Step 1: Remember the safe ranges.
$\cos^{-1}$ always returns an angle in $[0,\pi]$, and $\sin^{-1}$ always returns an angle in $\left[-\frac{\pi}{2},\frac{\pi}{2}\right]$. The trick is to replace the inside angle with an equivalent angle that lives in these ranges.
Step 2: Fix the first term using evenness of cosine.
Since $\cos$ is even, $\cos\left(-\frac{\pi}{6}\right)=\cos\left(\frac{\pi}{6}\right)$. The angle $\frac{\pi}{6}$ already sits inside $[0,\pi]$.

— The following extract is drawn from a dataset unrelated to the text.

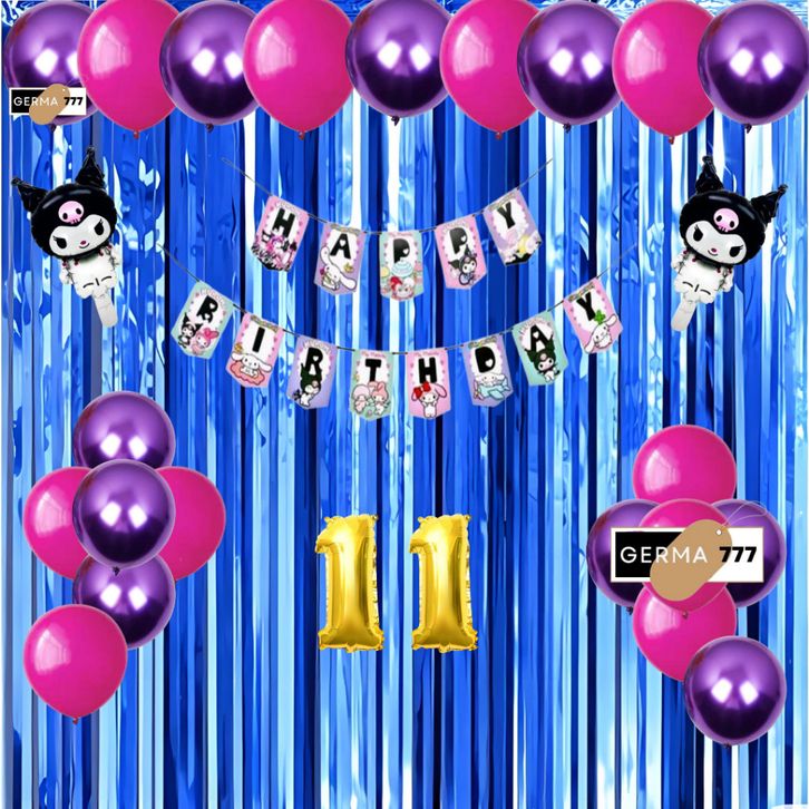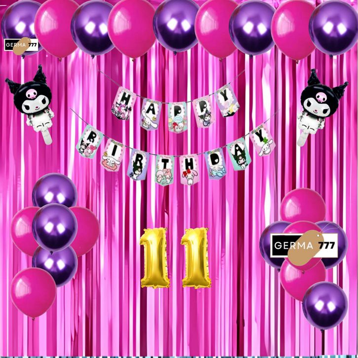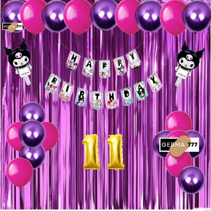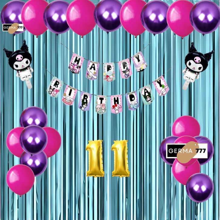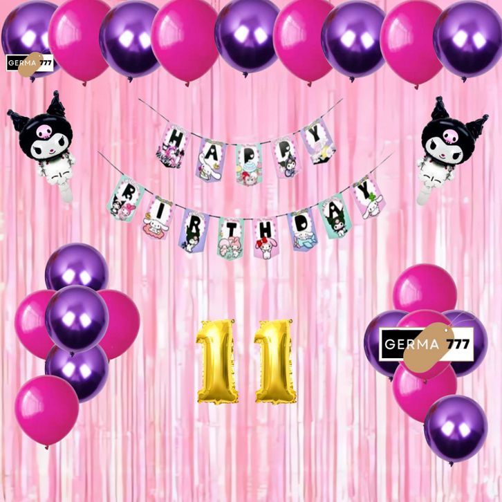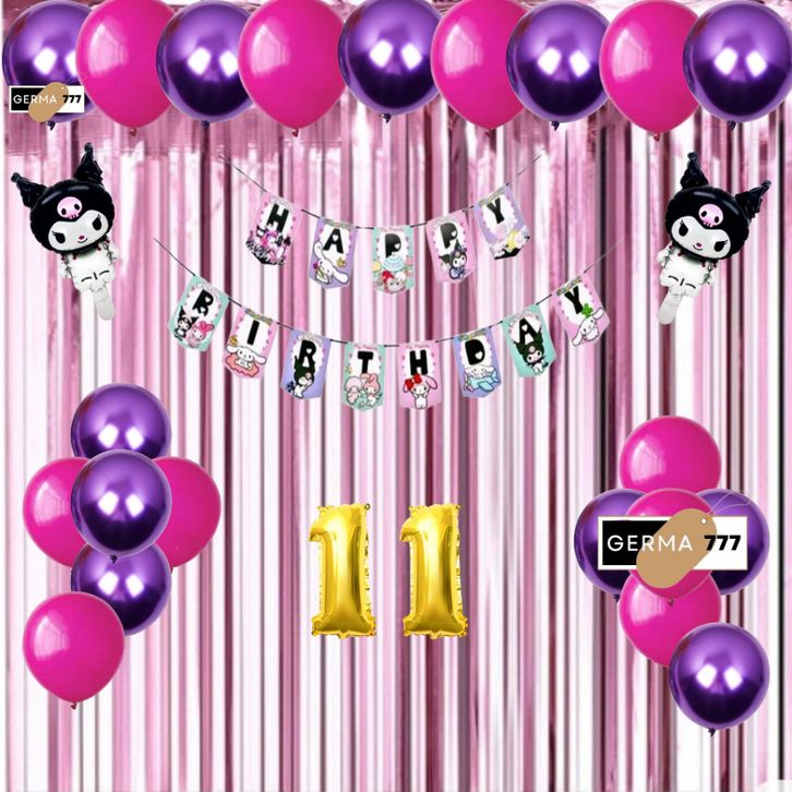 Dekorasi Ulang Tahun Anak Perempuan Paket Set Dekorasi Banner Happy Birthday Kuromi Balon Latex Ungu Pink

Step 3: Collapse the first term.
Because $\frac{\pi}{6}$ is in the valid range, $\cos^{-1}\left(\cos\frac{\pi}{6}\right)=\frac{\pi}{6}$ directly.
Step 4: Find a friendly angle for the second term.

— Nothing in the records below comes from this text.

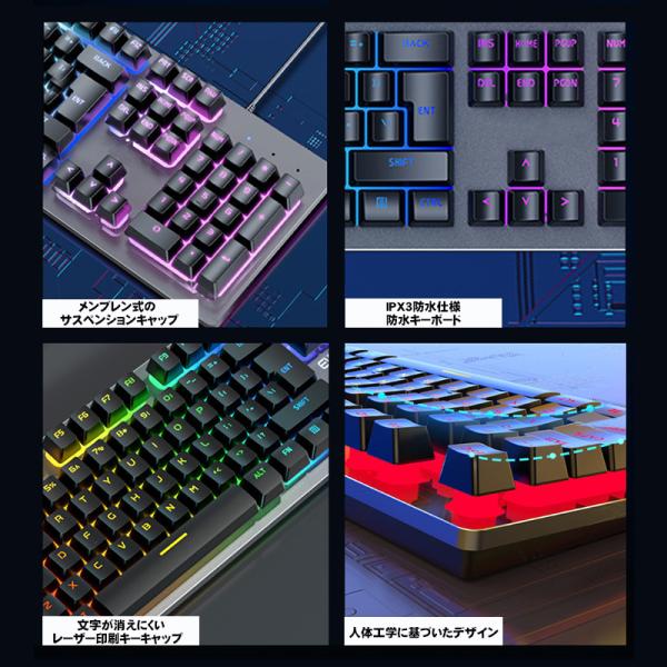 ゲーミングキーボード マウスセット [GX300] 有線 使いやすい 打ちやすい 104キー バックライト ゲーム 光る キーボード ブラック ホワイト 送料無料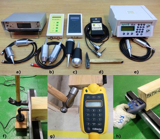 Ultrasound and stress wave time-of-flight (ToF) is recorded. The most common devices are: (1) The Steinkamp BP-V (Ultratest, Achim, Germany) ultrasound device (600 V output power) equipped with 50 kHz exponential tip sensors (Figure 2a), (2) The Sylvatest Duo (220-250 V output power) and the Trio (CBS-CBT, Lausanne, Switzerland) instrument equipped with conical 22 kHz sensors (Figure 2b, Figure 2c), (3) The USLab (Agricef, Campinas, Brazil) ultrasound device (700 V output power and 0,1 μs resolution) which can be used with different sensors from 20 to 90 kHz (Figure 2e), (4) The MicroSecond Timer (Fakopp, Sopron, Hungary) an impact stress wave device (Figure 2d). Velocity is calculated by dividing length over ToF.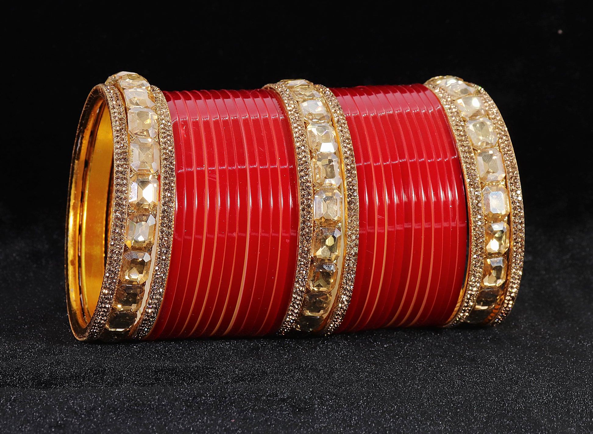 Red Acrylic Bridal Chuda – With Golden Diamond-Cut Stone Kada

$\sin\left(\frac{5\pi}{6}\right)=\sin\left(\pi-\frac{5\pi}{6}\right)=\sin\left(\frac{\pi}{6}\right)$, and $\frac{\pi}{6}$ lies in $\left[-\frac{\pi}{2},\frac{\pi}{2}\right]$.
Step 5: Collapse the second term.
So $\sin^{-1}\left(\sin\frac{5\pi}{6}\right)=\sin^{-1}\left(\sin\frac{\pi}{6}\right)=\frac{\pi}{6}$.
Step 6: Add the two clean values.
$\frac{\pi}{6}+\frac{\pi}{6}=\frac{\pi}{3}$, which is option 2.
\[ \boxed{\frac{\pi}{3}} \]